**Prompt**
In full and word for word, copy the listing; no pictures belong in the copy.

**Recorded data**
--*--
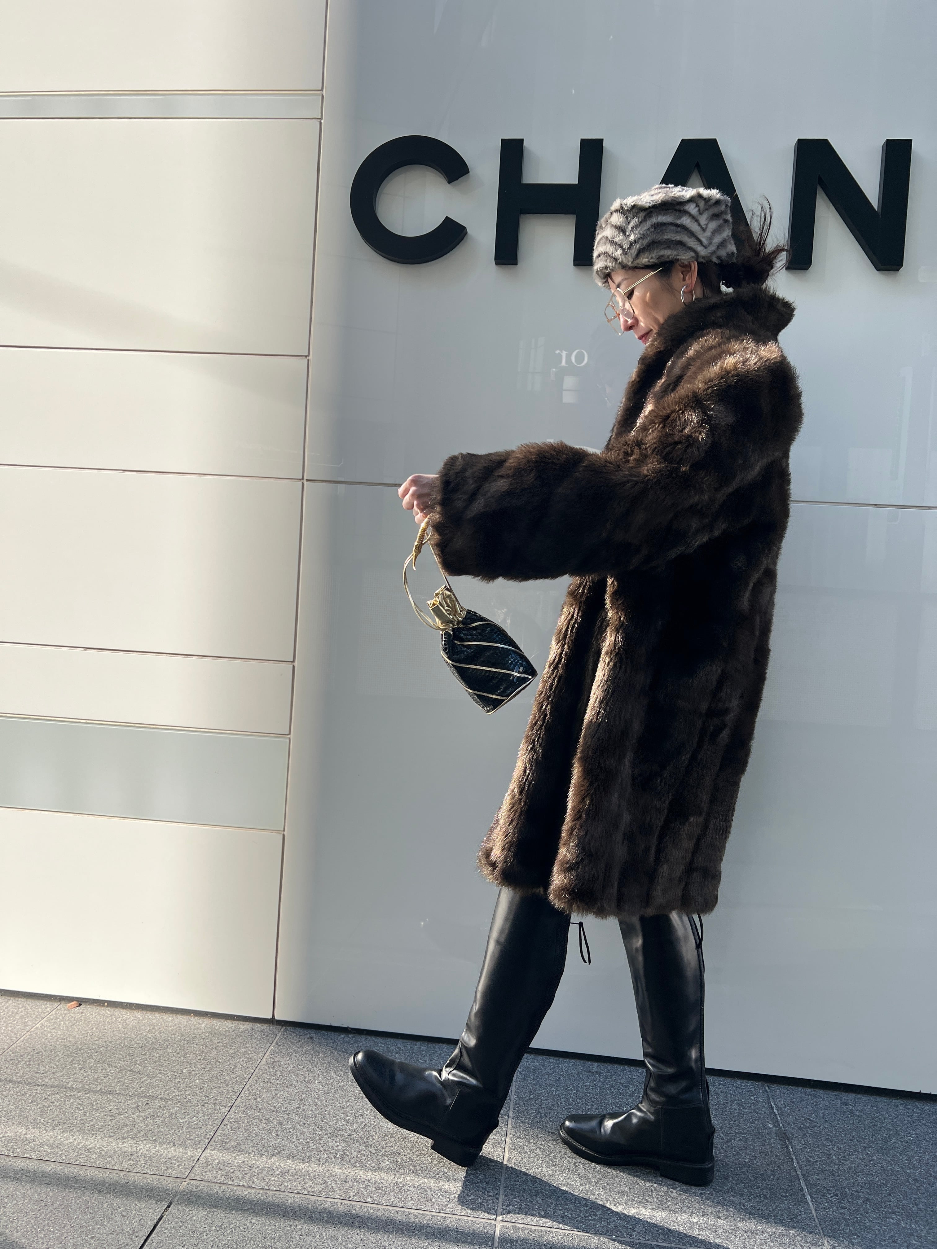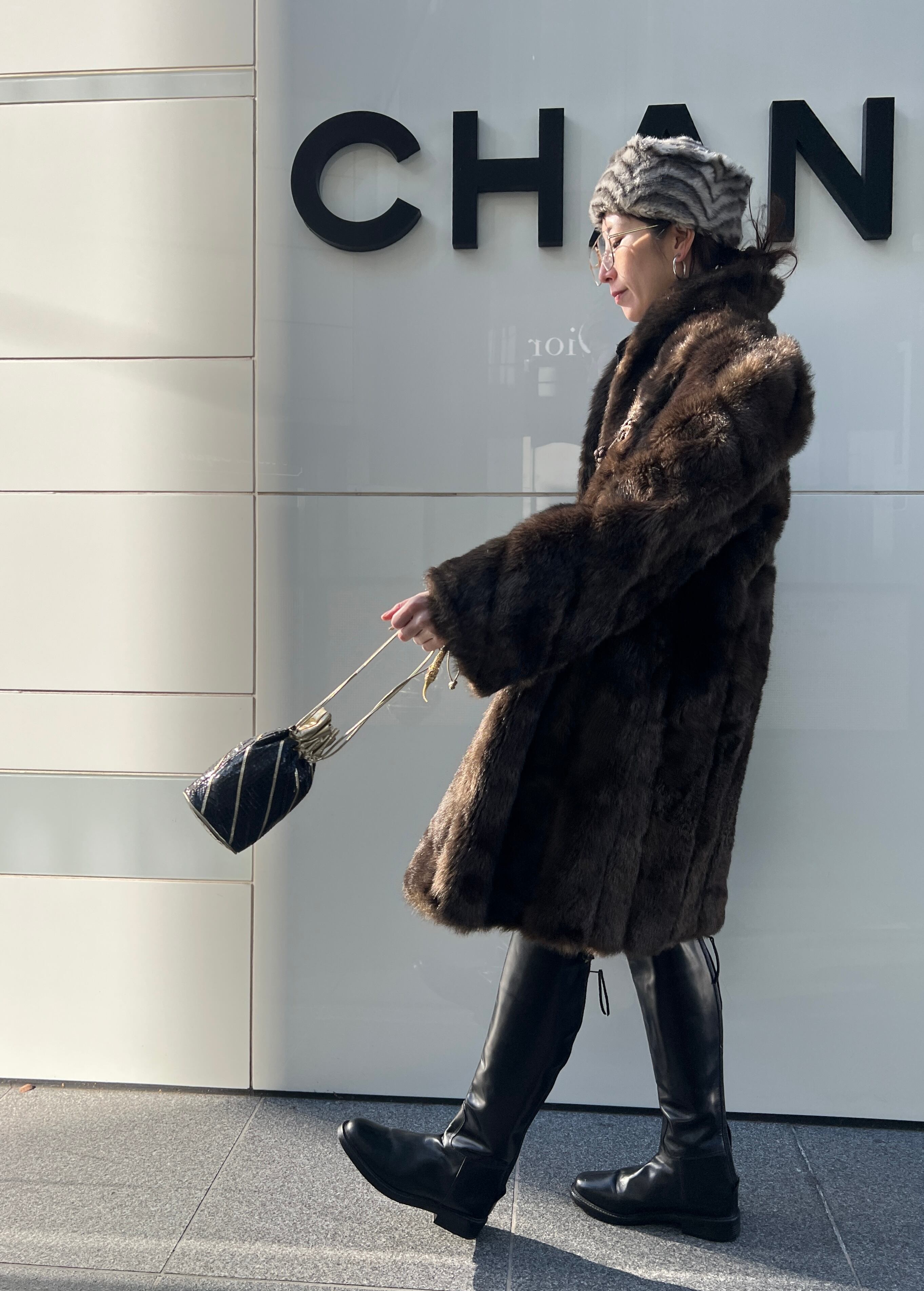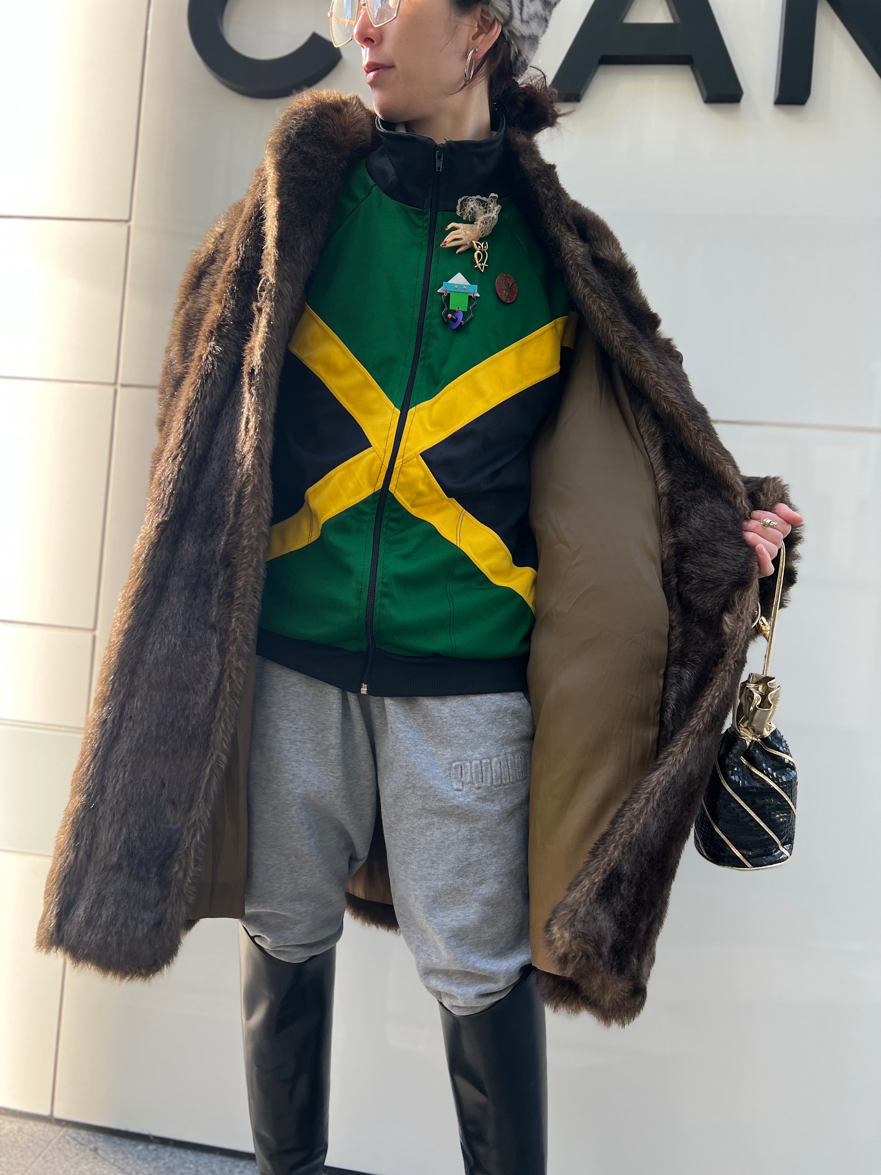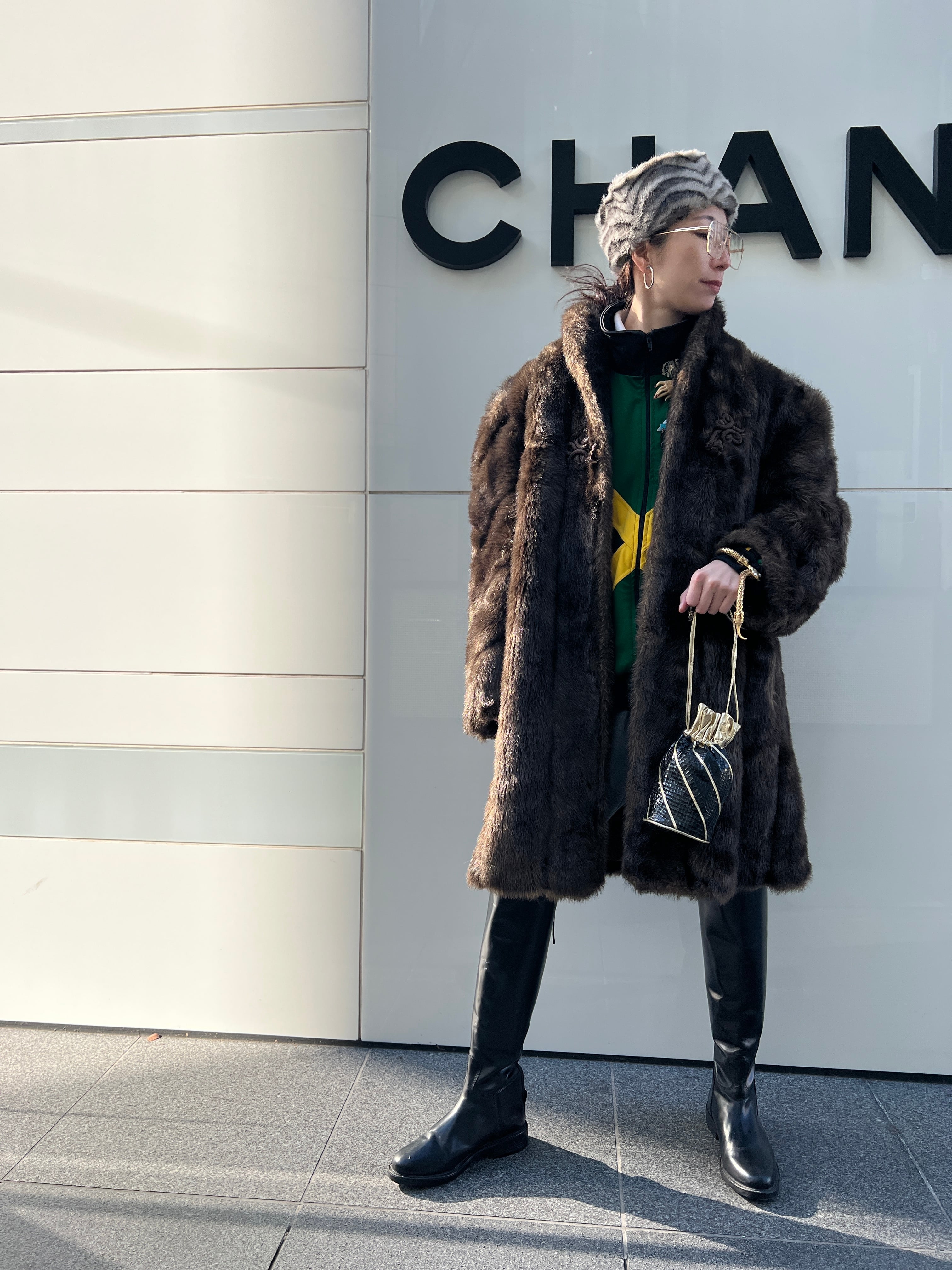 Vintage Big size Chinese dark brown fake fur coat ( ヴィンテージ ビッグサイズ チャイニーズ 焦げ茶色 フェイクファー コート
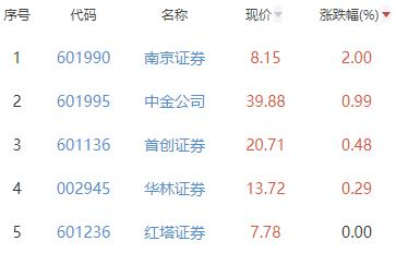 其中,南京证券、中金公司、首创证券、华林证券、红塔证券位列板块涨幅前五位,涨幅分别为2.00%、0.99%、0.48%、0.29%、0.00%。
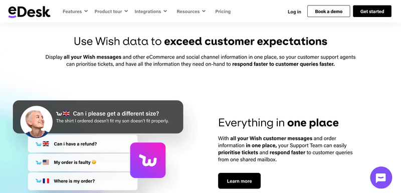 ขายผลิตภัณฑ์ของคุณทั่วโลก? ไม่มีปัญหา. ด้วยการผสานรวม Wish ของ eDesk คุณสามารถใช้คุณสมบัติการแปลอัตโนมัติเพื่อเชื่อมต่อกับลูกค้าทั่วโลกสำหรับข้อความสนับสนุนขาเข้าและขาออก คุณจะพูดภาษาของลูกค้าของคุณจริงๆ
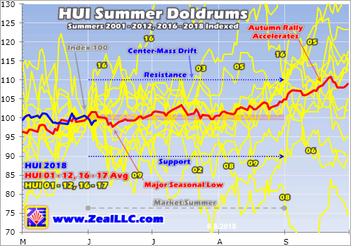 The gold miners’ stocks are also hostage to gold’s summer doldrums. This last chart applies this same analysis to the flagship HUI gold-stock index, which is closely mirrored by that leading GDX VanEck Vectors Gold Miners ETF. The major gold stocks tend to leverage gold’s gains and losses by 2x to 3x, so it’s not surprising that the HUI’s summer-doldrums-drift trading range is also twice as wide as gold’s own.
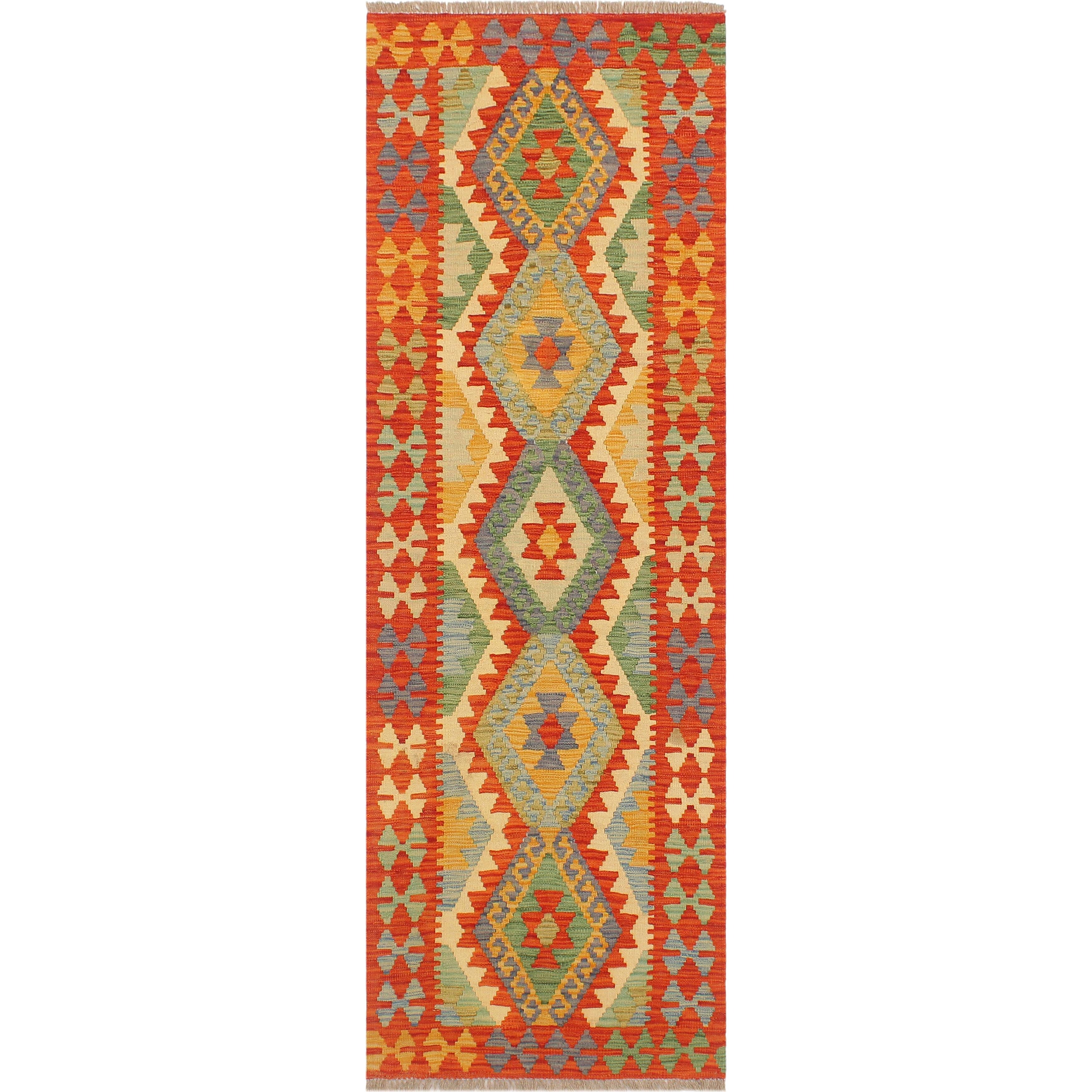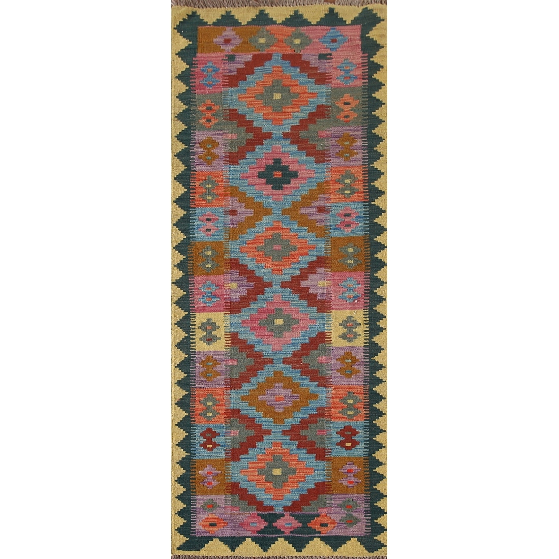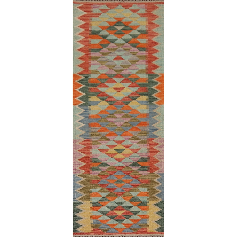 Reversible Multi-Color Kilim Runner Rug Hand-Woven Wool Carpet - 2'3"x 6'9"
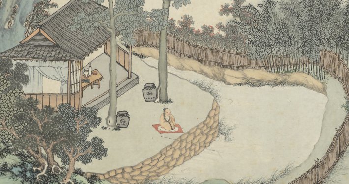 此《钓月亭图》卷传为明代沈周绘。画卷描绘湖石丛树之间的瓦顶长亭,亭前老翁坐于方席上,面对弦月形水塘,旁置一钓竿。对岸堤坡,柴篱围绕,仿佛别有与世隔绝的栖隐情怀。卷首右上角有满月一轮,掩映于清描淡写的流云之间,点出主题“钓月”诗意。 此卷现藏于台北故宫博物院。
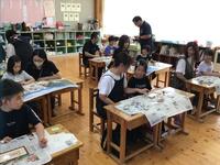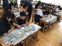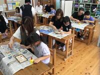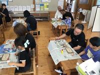 午後は創作活動です。清一小は全員「杉板焼き」に取り組みました。かまどに薪をくべる事から始まり、板を切り、焼き、磨き、彩色まで行いました。完成品は家に持ち帰ります。
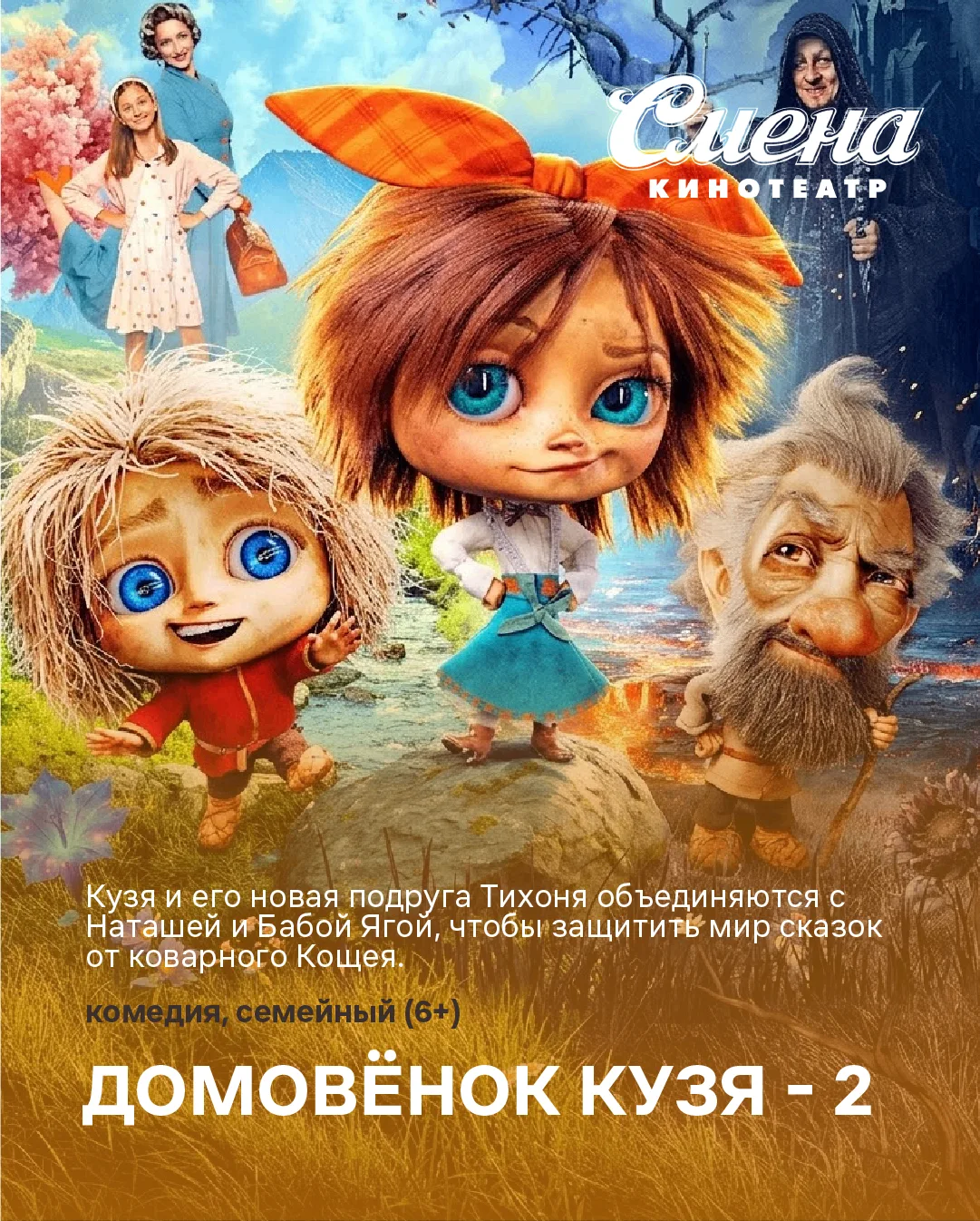 «Домовёнок Кузя 2» (6+): Кузя и его подруга Тихоня объединяются с Бабой Ягой и Наташей, чтобы защитить мир сказок от козней Кощея.
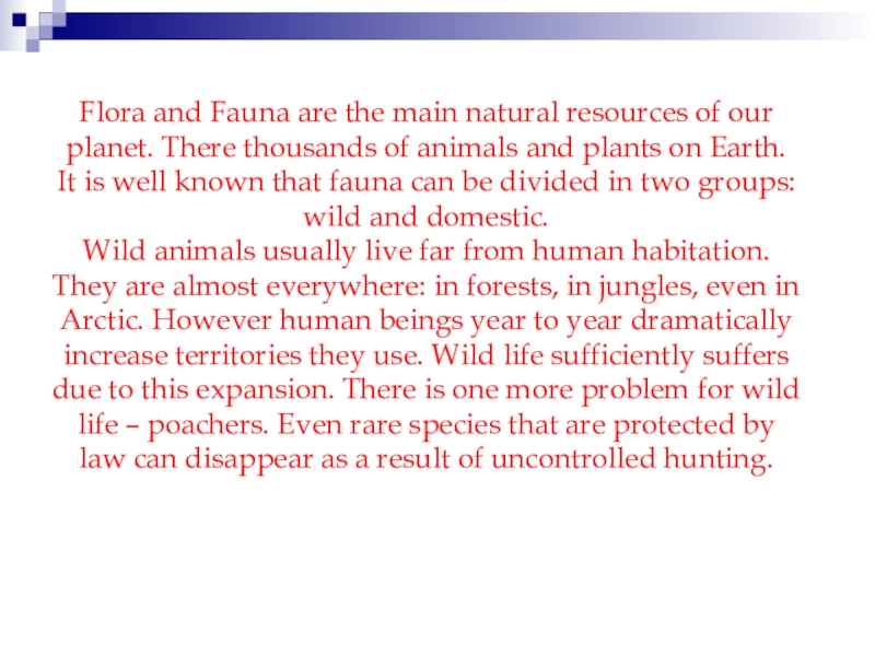 Flora and Fauna are the main natural resources of our planet. There thousands of animals and plants on Earth.It is well known that fauna can be divided in two groups: wild and domestic.Wild animals
--*--
**Exercise answer**
 Vintage Big size Chinese dark brown fake fur coat ( ヴィンテージ ビッグサイズ チャイニーズ 焦げ茶色 フェイクファー コート
 其中,南京证券、中金公司、首创证券、华林证券、红塔证券位列板块涨幅前五位,涨幅分别为2.00%、0.99%、0.48%、0.29%、0.00%。
 ขายผลิตภัณฑ์ของคุณทั่วโลก? ไม่มีปัญหา. ด้วยการผสานรวม Wish ของ eDesk คุณสามารถใช้คุณสมบัติการแปลอัตโนมัติเพื่อเชื่อมต่อกับลูกค้าทั่วโลกสำหรับข้อความสนับสนุนขาเข้าและขาออก คุณจะพูดภาษาของลูกค้าของคุณจริงๆ
 The gold miners’ stocks are also hostage to gold’s summer doldrums. This last chart applies this same analysis to the flagship HUI gold-stock index, which is closely mirrored by that leading GDX VanEck Vectors Gold Miners ETF. The major gold stocks tend to leverage gold’s gains and losses by 2x to 3x, so it’s not surprising that the HUI’s summer-doldrums-drift trading range is also twice as wide as gold’s own.
 Reversible Multi-Color Kilim Runner Rug Hand-Woven Wool Carpet - 2'3"x 6'9"
 此《钓月亭图》卷传为明代沈周绘。画卷描绘湖石丛树之间的瓦顶长亭,亭前老翁坐于方席上,面对弦月形水塘,旁置一钓竿。对岸堤坡,柴篱围绕,仿佛别有与世隔绝的栖隐情怀。卷首右上角有满月一轮,掩映于清描淡写的流云之间,点出主题“钓月”诗意。 此卷现藏于台北故宫博物院。
 午後は創作活動です。清一小は全員「杉板焼き」に取り組みました。かまどに薪をくべる事から始まり、板を切り、焼き、磨き、彩色まで行いました。完成品は家に持ち帰ります。
 «Домовёнок Кузя 2» (6+): Кузя и его подруга Тихоня объединяются с Бабой Ягой и Наташей, чтобы защитить мир сказок от козней Кощея.
 Flora and Fauna are the main natural resources of our planet. There thousands of animals and plants on Earth.It is well known that fauna can be divided in two groups: wild and domestic.Wild animals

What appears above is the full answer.